- North American cover of the first volume of Octopus Girl

戦慄!!タコ少女 (Senritsu!! Tako Shōjo)
- Genre: Horror, Black comedy
- Written by: Tooru Yamazaki
- Published by: LEED Publishing
- English publisher: NA: Dark Horse Comics;
- Magazine: Kyōfu no Yakata DX
- Original run: 1994 – 1996
- Volumes: 4

= Octopus Girl =

Japanese manga series

Octopus Girl (戦慄!!タコ少女, Senritsu!! Tako Shōjo) is a shōjo horror comedy manga written and illustrated by Tooru Yamazaki (山咲 トオル, Yamazaki Tooru).
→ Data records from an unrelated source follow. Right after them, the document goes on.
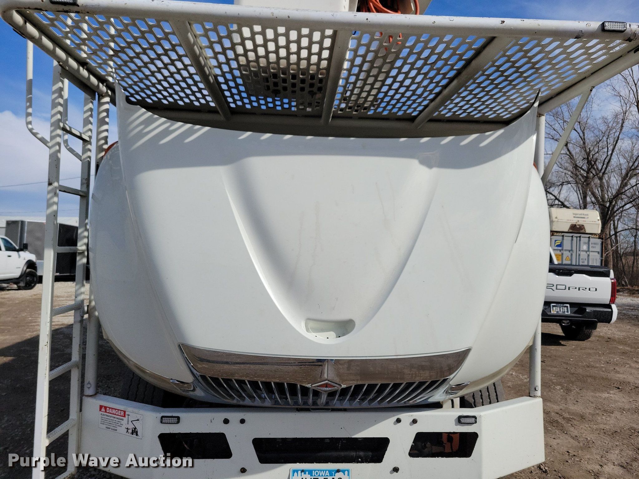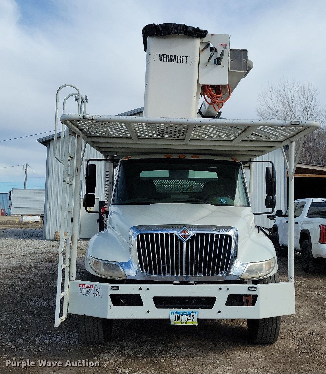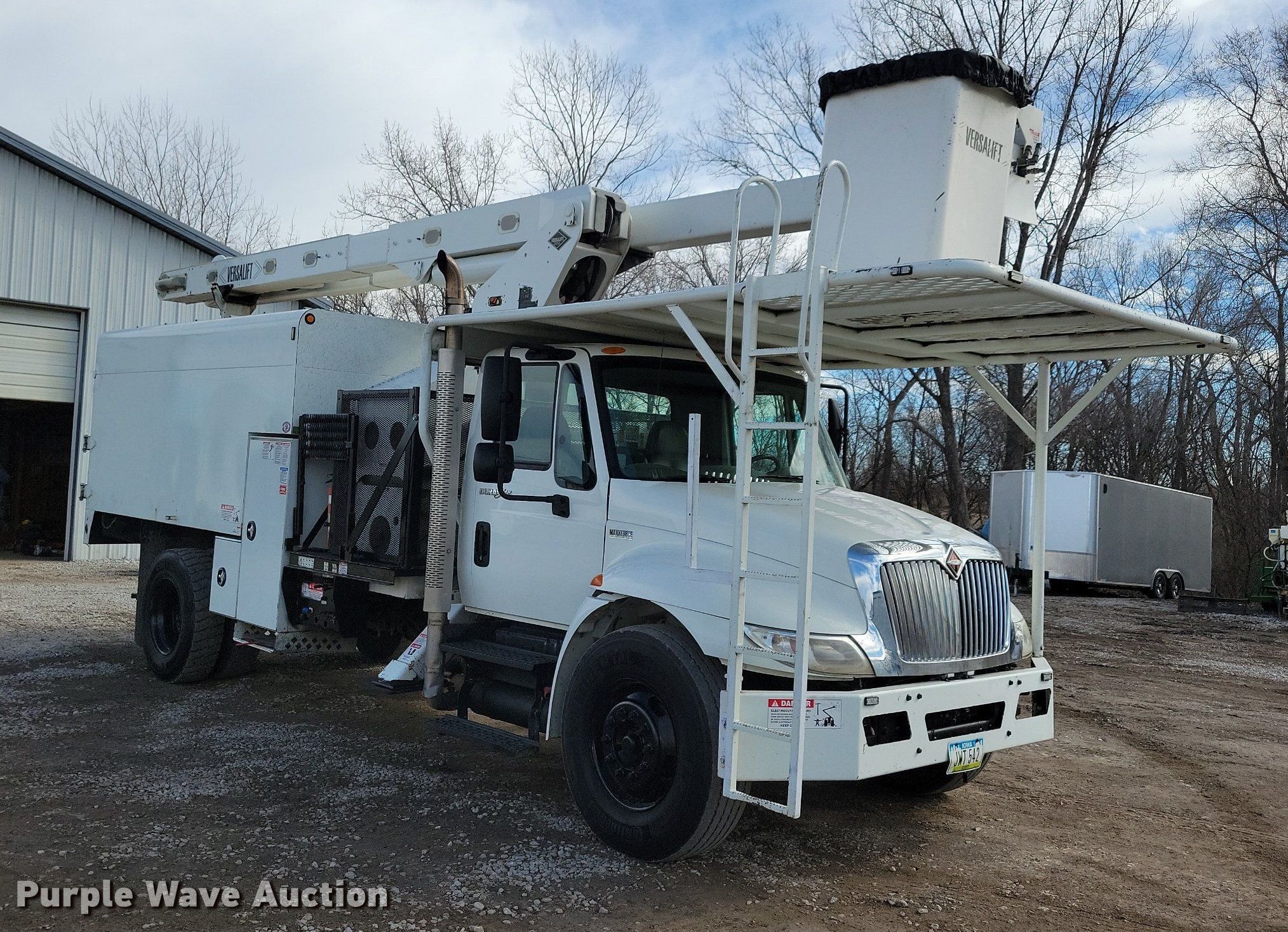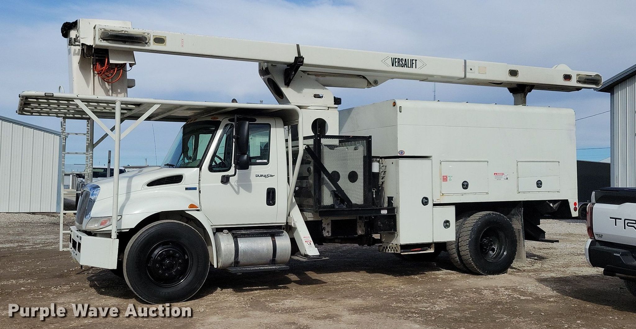 2012 International 4300 forestry bucket truck. Miles: 94,827 on odometer, Hours: 9,038 on meter, VIN: 1HTMMAAR4CH601154. Engine International Maxxforce, Displacement: 7.6L, Cylinders: 6, Fuel type: Diesel. Transmission Allison, Automatic. Chassis Axles: Single, Suspension: Spring, Brakes: Air, PTO, GVWR: 34,000 lbs, Wheelbase: 207". Interior AC, Heat, Heated mirrors, Cruise control, Auxiliary controls. Features Chip bed Arbortech, 12' 2" L x 96" W, Boom Versalift V0270EREV, Serial: NA110013, Boom length: 65', Mast height: 10', Maximum lift capacity: 350 lbs, Maximum lift height: 75', Boom type: Articulating, Insulated, Man basket, Boom controls Ground, Platform/ basket, Elevator-Versalift VO-270-E 10' lift extension. Tires Front: 315/80R22.5, Rear: 11R22.5, Brand: Continental. Iowa title. Title distribution may be delayed up to 14 days from verification of funds. Ames Lawn Care & Maintenance. 56780 241st Street. Ames, IA 50010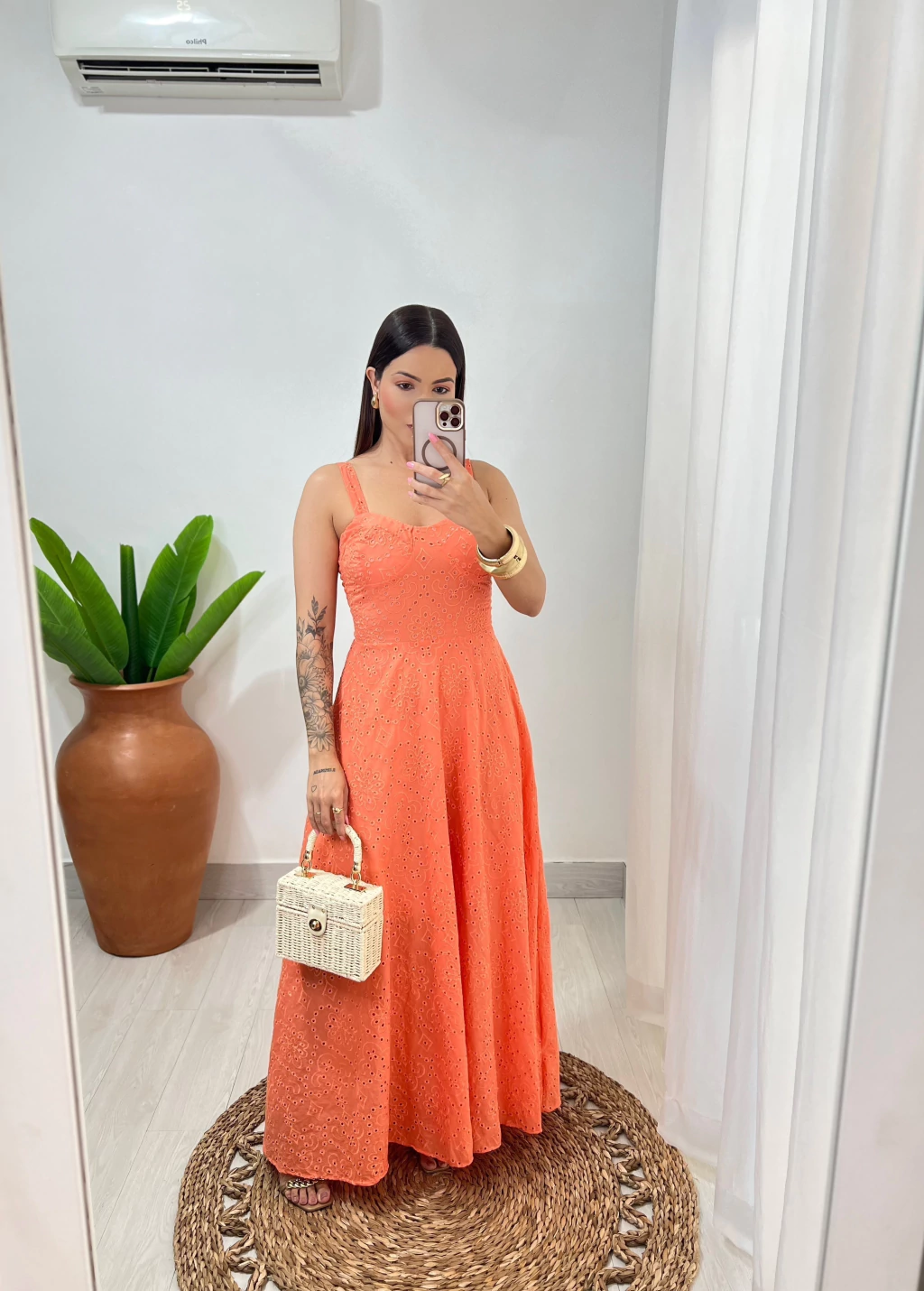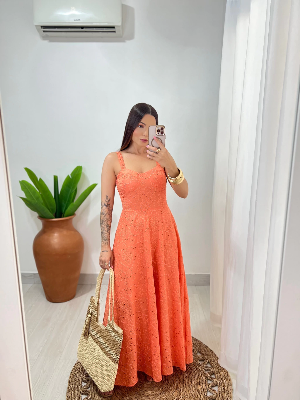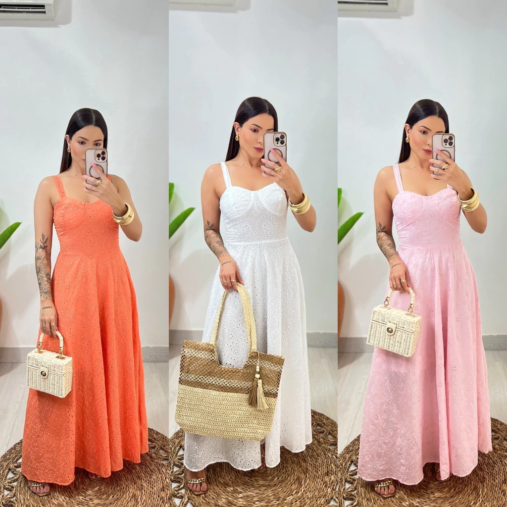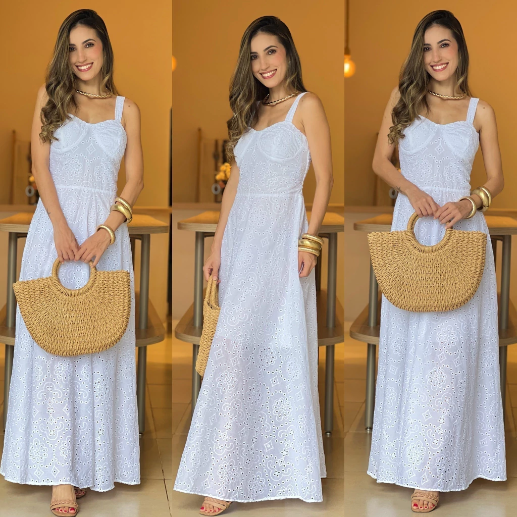 O Vestido Mariela é a escolha perfeita para quem busca leveza, delicadeza e sofisticação em uma só peça. Confeccionado em tecido lese , possui modelagem longa e fluida, alças largas confortáveis e decote estruturado que valoriza o colo.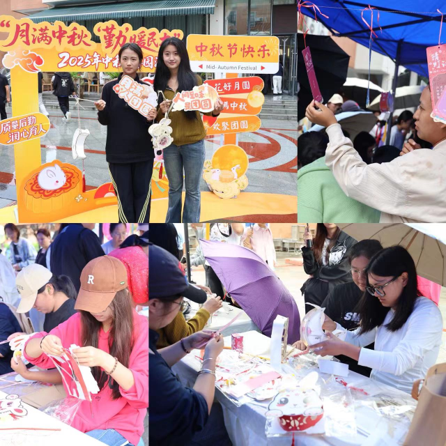 活动以线下互动体验形式开展,围绕“弘扬传统文化、搭建交流平台、彰显服务育人”目标,让师生在参与中感受节日氛围与文化温度。猜灯谜环节中,挂满灯谜的区域成为现场亮点,谜题涵盖中秋习俗、经典诗词及文化常识,同学们驻足思索、相互探讨,在趣味互动中激发了大家对传统文化的兴趣,提升同学们的文化自信;手工制作“兔子灯”环节里,西南民族大学后勤航标协会成员现场指导,提供全套制作材料,同学们通过动手裁剪、组装,亲手完成兔子灯,成为中秋的专属记忆,既传承了传统手工艺,也增强了文化认同感;“月宫萝卜保卫战”游戏环节则充满欢乐,同学们通过套圈获取萝卜道具兑换月饼钥匙扣、气球等小礼品,现场笑声不断,进一步营造了温馨热闹的节日氛围。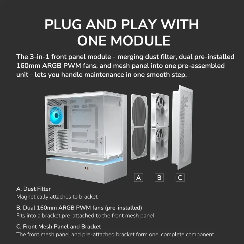 • Define prioridad de flujo de aire con ventiladores de entrada en el frontal mesh y salida trasera para un equilibrio silencioso.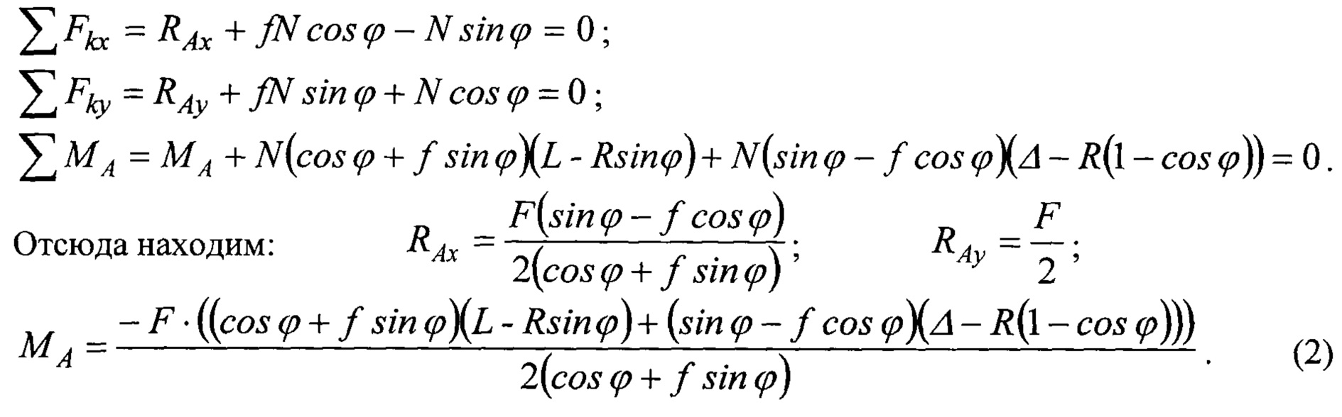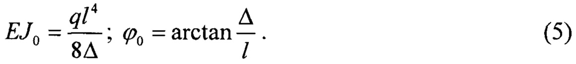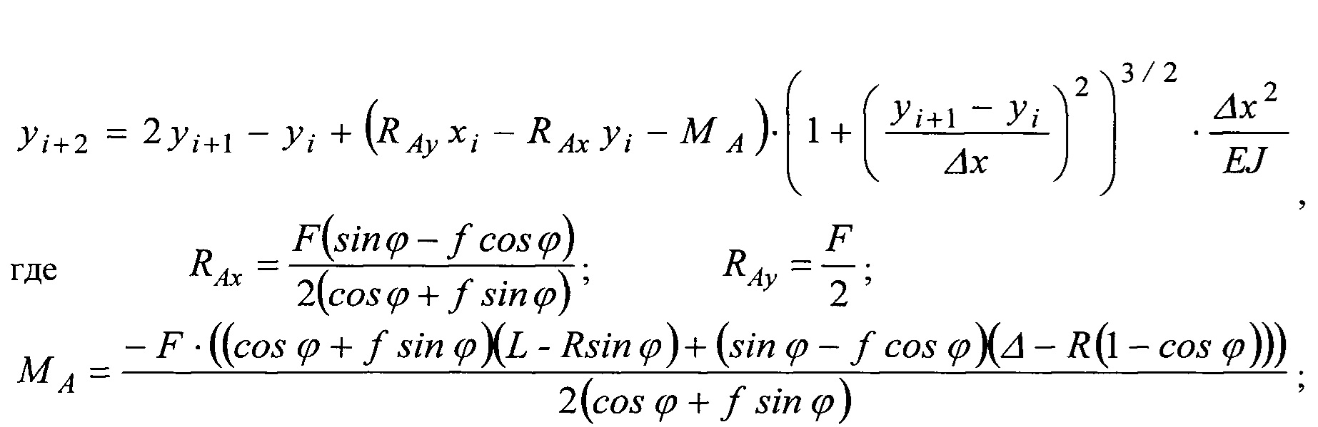Изобретение относится к области оценки качества лубоволокнистых материалов и может быть использовано при расчете изгибной жесткости лубяных волокон при их квалиметрии и стандартизации. Известен метод определения гибкости волокна или луба лубяных культур путем определения стрелы прогиба консольных концов волокнистой пробы, закрепленной в зажиме по ее середине [1]. Однако этот метод требует значительных затрат по времени и не обеспечивает необходимую точность анализа, так как фиксация показаний по совокупности концов волокон является весьма затруднительной и зависимой от субъективных факторов. Известен способ оценки гибкости волокна или луба лубяных культур с использованием устройства [2], включающий подготовку пробы и ее испытание на основе прогиба относительно ряда опор. Недостатком этого способа является неэффективное определение изгибной жесткости волокна, так как не учитывается фактический угол обхвата каждой из используемых для прогиба волокна опор. Это обстоятельство снижает точность получаемых результатов изгибной жесткости. Известен способ определения изгибной жесткости волокна, включающий подготовку пробы, ее расположение на двух опорах, прогиб посредством приложения усилия и определение изгибной жесткости с использованием математической зависимости [3], которая вытекает из нелинейной теории изгиба [4]. Основным недостатком известного способа [3] является неопределенность при вычислении угла наклона а составляющей силы реакции на прядь со стороны опор к вертикали. Этот угол связан с углом δ0, который определяет направление оси абсцисс по отношению к направлению силы Р в начальной точке. Из-за этой неопределенности расчет изгибной жесткости становится неэффективным. Не правильное определение угла а будет приводить к ошибкам при определении силы реакции с учетом усилия, которое обеспечивает прогиб пряди. Из-за этого формируется ошибка, которая будет влиять на величину изгибной жесткости. Кроме этого, известный способ [3] является трудоемким, требующим определения ряда параметров: высоту изгиба нити, реакцию опоры Rx, угол наклона силы N1 к вертикали. Однако способ [3] по своей технической сущности и достигаемому эффекту наиболее близок к заявляемому и поэтому предлагается в качестве прототипа. Задачей изобретения является упрощение анализа и повышение точности при определении изгибной жесткости волокна. Поставленная задача достигается тем, что в указанном способе определения изгибной жесткости волокна, включающем подготовку пробы ее расположение на двух опорах, прогиб посредством приложения усилия и определение изгибной жесткости с использованием математической зависимости, вытекающей из нелинейной теории изгиба, согласно изобретению, пробу в виде пряди определенной длины и массы перед испытанием располагают на опорах круглого сечения известного диаметра 2R при межцентровом расстоянии 2L с последующим прогибом на постоянную величину Δ, путем приложения усилия по середине пробы в зоне между опорами в точке А, а изгибную жесткость EJ, в зависимости от возникающего усилия F, рассчитывают численным методом, используя форму изогнутой оси пряди в виде зависимости: f - коэффициент трения пряди о поверхность опор; ϕ - угол между вертикалью и радиусом опоры, проведенным из центра ее сечения к точке к

It made its first appearance in 1994 as a feature for Kyōfu no Yakata DX before its commercial release on the LEED Publishing Co. label.

== Plot ==
Octopus Girl is made-up of a series of vignettes about the titular character Takako (Called Takoko by her classmates) who is regularly bullied by her classmates. They take things too far one day and attempt to drown her, then force her to eat a live octopus, which she is allergic to. Both almost kill her. However, she wakes up that night with the body of an octopus but the head of a girl. She then brutally gets revenge on the bullies. She later figures out how to control her transformations.